In the Middle East and around the globe, the U.S. needs to re-evaluate its position in the light of our national interest. We must, for example, reconsider our relationship with Saudi Arabia in light of their unrelenting funding of Salafist and Wahhabist ideologies directly hostile to the U.S. and the West in general. We cannot elevate the Saudis to the high status of ally or even “friend” when they are bankrolling our enemies. This need not mean open conflict with them, but it surely must mean a reduction in relations. (The fact that the U.S. is set to soon surpass the Saudis as the world’s largest oil producer should translate into tangible, state leverage).

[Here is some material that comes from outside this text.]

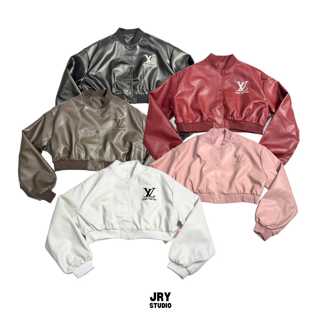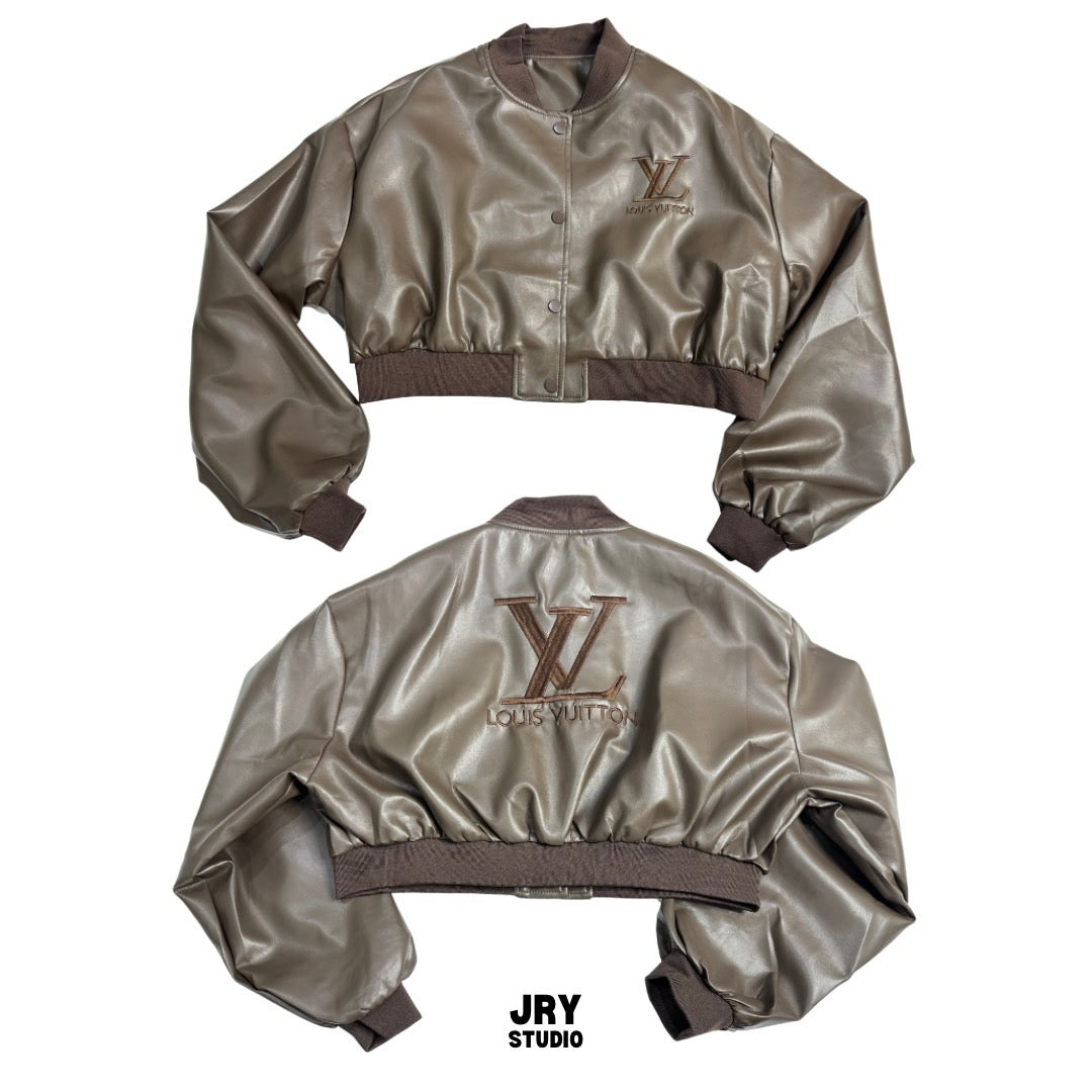 š§„ T847 ā Faux Leather Jacket with LV Embroidery

Syria is another example where the U.S. must evaluate the opportunities and risks for involvement based primarily upon national interest rather than the threat of a “humanitarian crisis” or “instability.” Even a Syria riven by civil war and instability will stalemate Iran’s ability to fund and support Hezbollah and bring greater opportunities for U.S. influence in the region as a whole. The U.S. has been at war with Iran since 1979 and rarely have we had an opportunity to deal the regime in Tehran such a critical blow as exists in Syria.

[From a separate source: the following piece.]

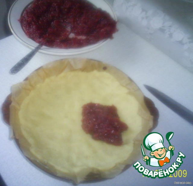 немного остывшее фруктовое пюре распределить аккуратно на тесте(у меня оказалось многовато)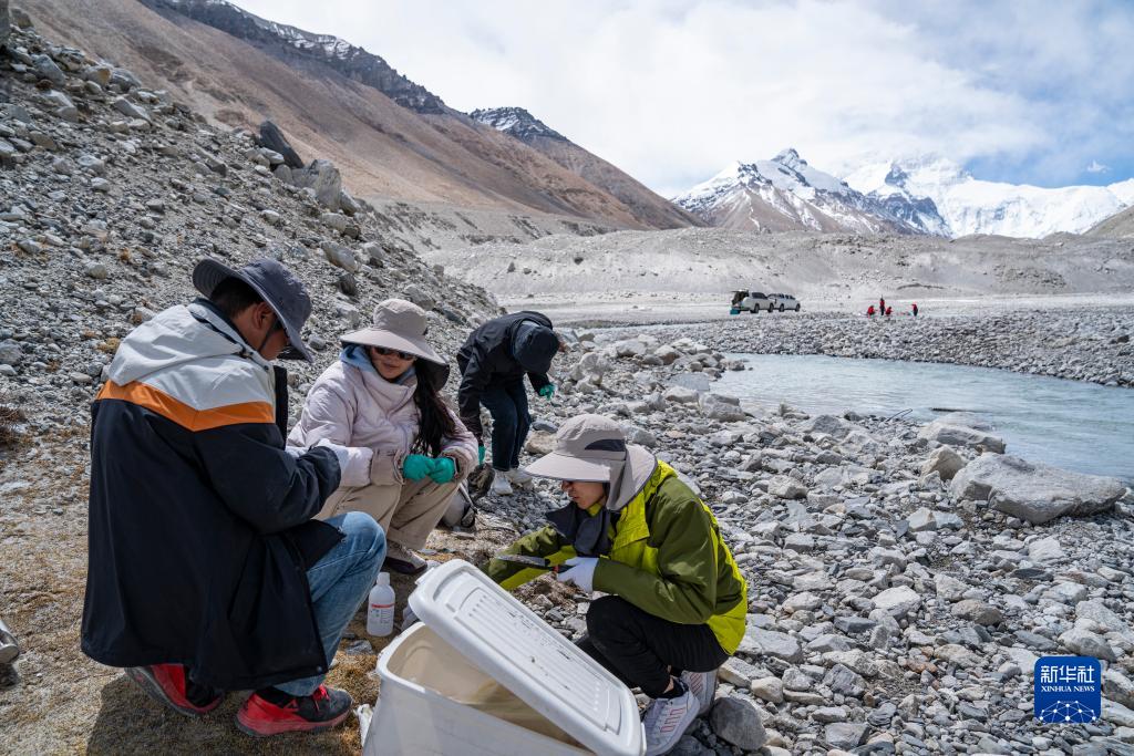 在珠峰登山大本營附近,來自西藏大學生態環境學院的科考隊員在進行水生態調查(5月22日攝)。新華社記者 孫非 攝

Throughout the Middle East U.S. policy is plagued by a lack of a driving force. The U.S. intervened in Libya under the pretext of potential civilian casualties but recoils from Syria with actual casualties. The U.S. dithers over supporting former President Mubarak in Egypt while supporting the no-less tyrannical Saudi royal family. The U.S. spends tens of billions of dollars on a corrupt government in Kabul but argues whether to pull funding from Israel if it does not halt new housing settlements or show enough “flexibility” on Arab demands for land. It is high time to clarify who our friends and enemies are and why. Israel is not merely a kindred democracy, for example. They are a vital ally because they directly serve U.S. interests in the region as a bulwark against Islamists. There is, perhaps, no greater return on U.S. investments than Israel given the plethora of hostile, Islamist states in the region. But here again, the U.S. policy is to adopt the hectoring, self-righteous tone of the international community, treating Israel and the Palestinians on equal terms for no good reason.

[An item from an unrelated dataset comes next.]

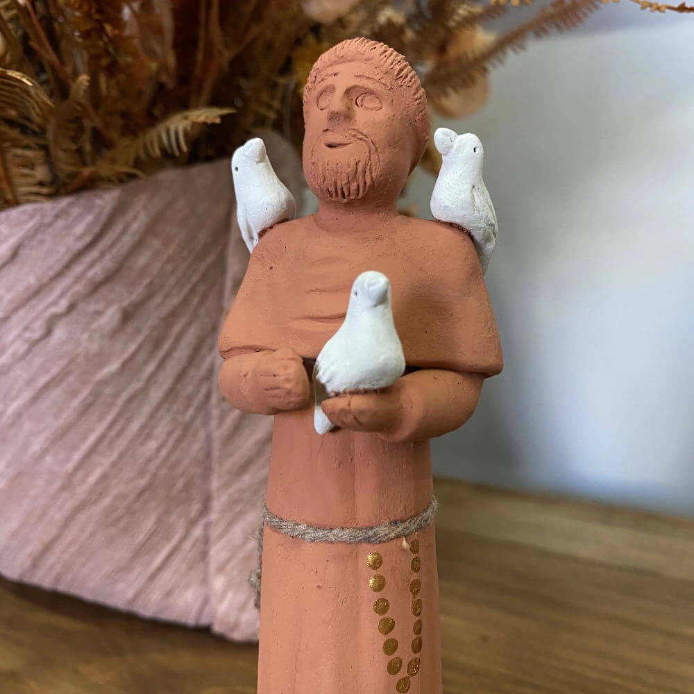 Imagem de São Francisco artesanal em barro, simples com São Francisco.

It is my hope that Mitt Romney wins the election and does so in convincing fashion. The next four years could be pivotal as a showdown with Iran cannot be delayed beyond the next term in office. War is everywhere in the Middle East and the next President will need to have a clear-eyed view of what America’s interests are and how to achieve them. The last 11 years have certainly taught us that “nation building” and “elections” are not effective tools of American power. May President Romney absorb the lessons and chart a better course in 2013.